Assignment 02

Simulating from the Regression Model

Published

August 4, 2023

The goal of this assignment is to give you experience using simulation to explore properties of the regression model.

Instructions

Submit a printed document of your responses to the following questions. Please adhere to the following guidelines for further formatting your assignment:

  • All plots should be resized so that they do not take up more room than necessary.
  • All figures and tables should have a name (e.g., Figure 1) and an appropriate caption.

In questions that ask you to “use matrix algebra” to solve the problem, you can either show your syntax and output from carrying out the matrix operations, or you can use Equation Editor to input the matrices involved in your calculations.

This assignment is worth 16 points.


Simulation 1: Modeling Heteroskedasticity

In this simulation, you will explore what happens to the regression estimates when the assumption of homoskedasticity is violated. For this simulation use a sample size of 200.

  1. Create the fixed X values you will use in each trial of the simulation. To do this, draw \(n=200\) X-values from a uniform distribution with a minimum of \(-2\) and a maximum of \(+2\). Prior to drawing these values, set your starting seed to 678910. Report the syntax you used, and the first six X values.

  2. Create a the Y-values for the first trial of the simulation by using the model:

\[ \begin{split} y_i &= -3.2 + 1.75(x_i) + \epsilon_i \\[2ex] \epsilon_i &\overset{i.i.d.}{\sim} \mathcal{N}(0, \sigma) \end{split} \]

where

\[ \begin{split} \sigma &= e^{\gamma(x_i)}\\[2ex] e &\mathrm{~is~Euhler's~constant~}(\approx2.718282) \\[2ex] \gamma &= 1.5 \end{split} \]

Here the variation in the random error is a function of X and random noise.

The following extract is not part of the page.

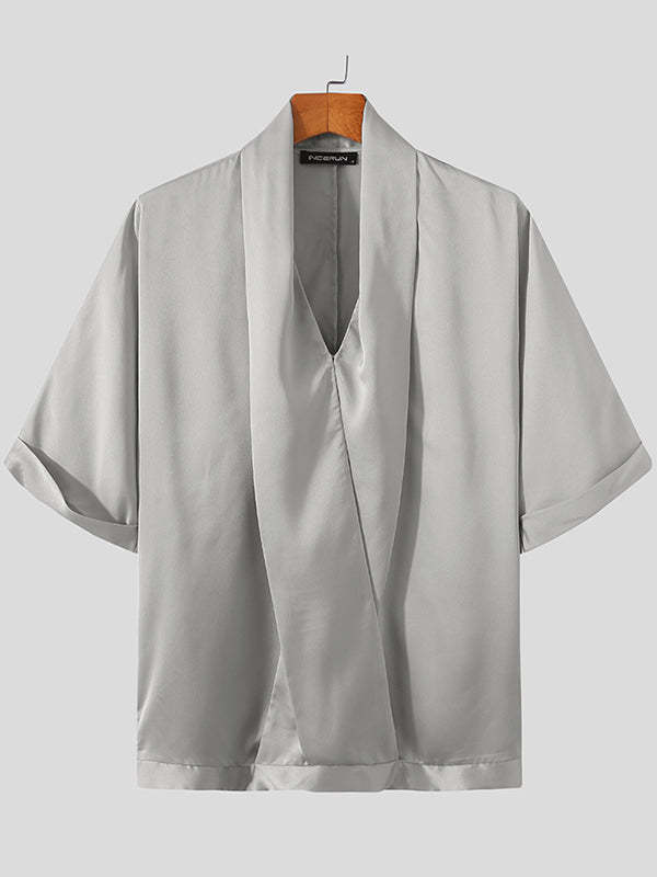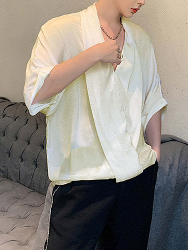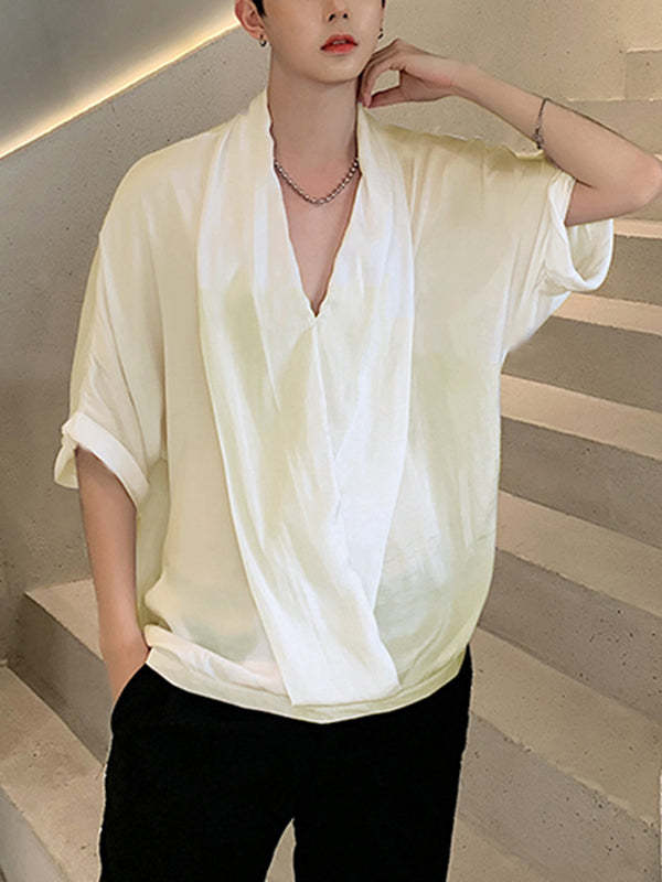 Mens Deep V-neck Half Sleeve Loose Shirts SKUG84125

Report the syntax you used, and the first six Y values.
  1. Create and report the scatterplot of the Y-values versus the X-values for this first trial of the simulation.

  2. Describe the pattern of heteroscedasticity.

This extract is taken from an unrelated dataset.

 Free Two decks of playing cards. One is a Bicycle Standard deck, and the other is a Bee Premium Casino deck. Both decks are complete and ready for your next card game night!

  3. Does the pattern of heteroscedasticity you described in Question 4 make sense given how the error term was created. Explain.

Carry out 1000 trials of the simulation. (Reminder: Be sure to use these same X values in each trial of the simulation; they are fixed.) For each trial, collect: (a) the estimate of the intercept, (b) the estimate of the slope, and (c) the estimate of the residual standard error.

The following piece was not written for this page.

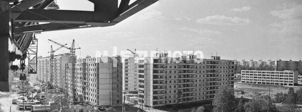 На фотографии 1977 года полным ходом идёт строительство Китайской стены и дома Русская, 29. Русская, 33 уже построен, а справа, из-за построенной 5 лет назад школы № 121 выглядывают Добровольческая, 2 и Тружеников, 9, а вот дома Тружеников, 7 ещё нет, он будет построен совсем скоро, в 1978 году. Фото: Анатолий Поляков

  1. Compute and report the mean value for the residual standard error.


Simulation 2: Homoskedastic Model

To evaluate the different estimates from the heteroskedasticity model, we need to compare them to estimates drawn from a homoskedastic model with the same population coefficients. To make the comparisons “fair”, so that we are only evaluating the effects of the heteroskedasticity, we also need to run this simulation using a residual standard error that is equal to the mean from the heteroskedastic simulation (i.e., \(\mathtt{sd\neq1}\) in the rnorm() function).

  1. Carry out 1000 trials of the simulation for the appropriate homoskedastic model. (Reminder: Be sure to use these same X values in this simulation as in the previous simulation.) For each trial, collect: (a) the estimate of the intercept, (b) the estimate of the slope, and (c) the estimate of the residual standard error. Report your syntax.


Comparing Results from the Two Simulations: Evaluating the Effects of Hetroskedasticity

  1. Create a density plot of the distribution of intercept estimates. Show the density curve for both models on the same plot, differentiating the curves using color, linetype, or both. Also add a vertical line to this plot at the population value of the intercept.

  2. Based on your responses to Question 8, does the intercept estimate seem to be biased under heteroskedasticity? Explain.

  3. Based on your responses to Question 8, does the intercept estimate seem to be less efficient under heteroskedasticity? Explain.

  4. Create a density plot of the distribution of slope estimates. Show the density curve for both models on the same plot, differentiating the curves using color, linetype, or both. Also add a vertical line to this plot at the population value of the slope

  5. Based on your responses to Question 11, does the slope estimate seem to be biased under heteroskedasticity? Explain.

  6. Based on your responses to Question 11, does the slope estimate seem to be less efficient under heteroskedasticity? Explain.

  7. Create a density plot of the distribution of residual standard error estimates. Show the density curve for both models on the same plot, differentiating the curves using color, linetype, or both. Also add a vertical line to this plot at the population value of the residual standard error

  8. Based on your responses to Question 14, does the residual standard error estimate seem to be biased under heteroskedasticity? Explain.

  9. Based on your responses to Question 14, does the residual standard error estimate seem to be less efficient under heteroskedasticity? Explain.